Welcome to the winter issue of The Donor magazine and an opportunity to celebrate the passing of another year of continuity in serving the blood transfusion needs of patients and also to mark the introduction of some changes - including the launch of The Donor e-magazine.
As winter approaches our blood stocks reduce as people suffer from colds and flu which means they cannot donate. Weather conditions, pre-Christmas preparations and dark nights also take their toll on donor availability. So if you are able to donate in the coming weeks, please try and do so because the need for blood never stops.
I would like to thank you for your outstanding efforts over the last 12 months, whether it was your first donation or you have been giving blood for many years - your loyalty and generosity are an incredible commitment and mean so much to those who received transfusions over the last year.
I wish you good health and happiness over the festive season and another year of successful working together to save lives in 2012.
Up to 200 extra lives could be saved each year, thanks to new measures to make stem cells more available to patients. The changes are being made possible by £4m of new Government funding. This will pay for more cord blood collections at hospitals and closer collaboration between the British Bone Marrow Registry (BBMR) and the blood cancer charity, Anthony Nolan.
NHSBT runs the BBMR and the NHS Cord Blood Bank (which stores cord blood stem cells) and provides specialist support to facilitate haematopoietic (blood) stem cell transplants for patients. These stem cells can save the lives of patients whose own bone marrow is not working due to disease or following treatments for leukaemia or other cancers.
The Government announced the new funding following recommendations made last year by the UK Stem Cell Strategic Forum, led by NHSBT. As well as the increase in cord blood collections in hospitals, NHSBT and Anthony Nolan have consolidated the information held in their adult bone marrow donor registries.
Between them, the registers provide access to over 700,000 adult donors in the UK, and aligning them speeds up the process of donor searches.
Anthony Nolan are now the single point of contact for UK transplant centres searching for a matched adult donor or cord blood unit.
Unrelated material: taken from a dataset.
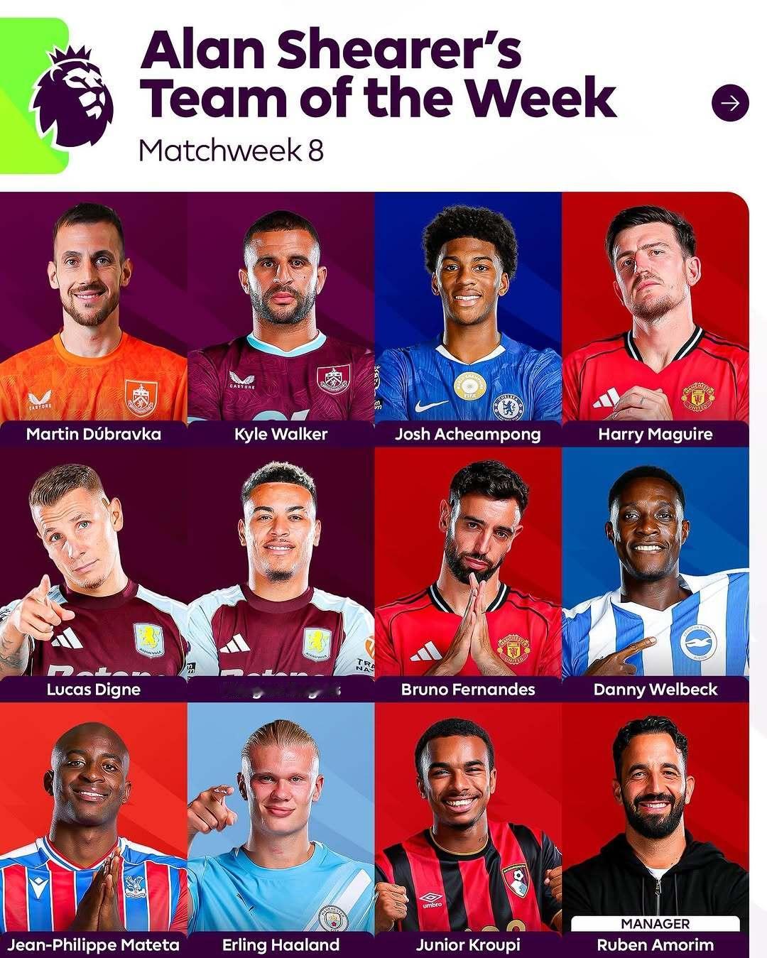 【官方】 英超 2025-26赛季英格兰🏴足球超级联赛第八轮最佳阵容。[春游家族]
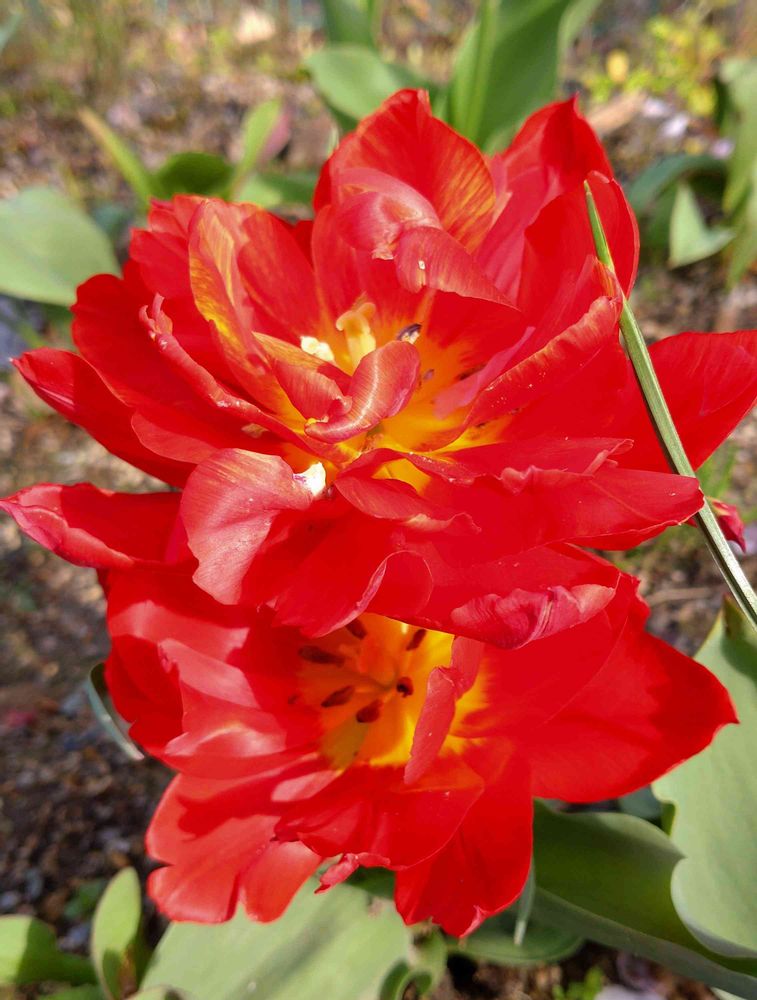多肉の火祭りの様な真っ赤なチューリップさん🌹(*´∀`)♪

This initiative means that blood donors registered with the BBMR may in future be asked for permission to be contacted by Anthony Nolan if they are ever identified as a match for a patient needing a stem cell transplant.
Faith and civic leaders attended a special meeting in London to give thanks to blood donors from black and minority ethnic (BME) communities.
The multi-faith event was held at the Shree Swaminarayan Temple in Golders Green, London, where high-profile guests included His Divine Holiness Acharya Swamishree Purushottampriyadasji Maharaj as well as representatives from the Christian, Jewish, Sikh, Buddhist, Muslim and Dharmic faiths.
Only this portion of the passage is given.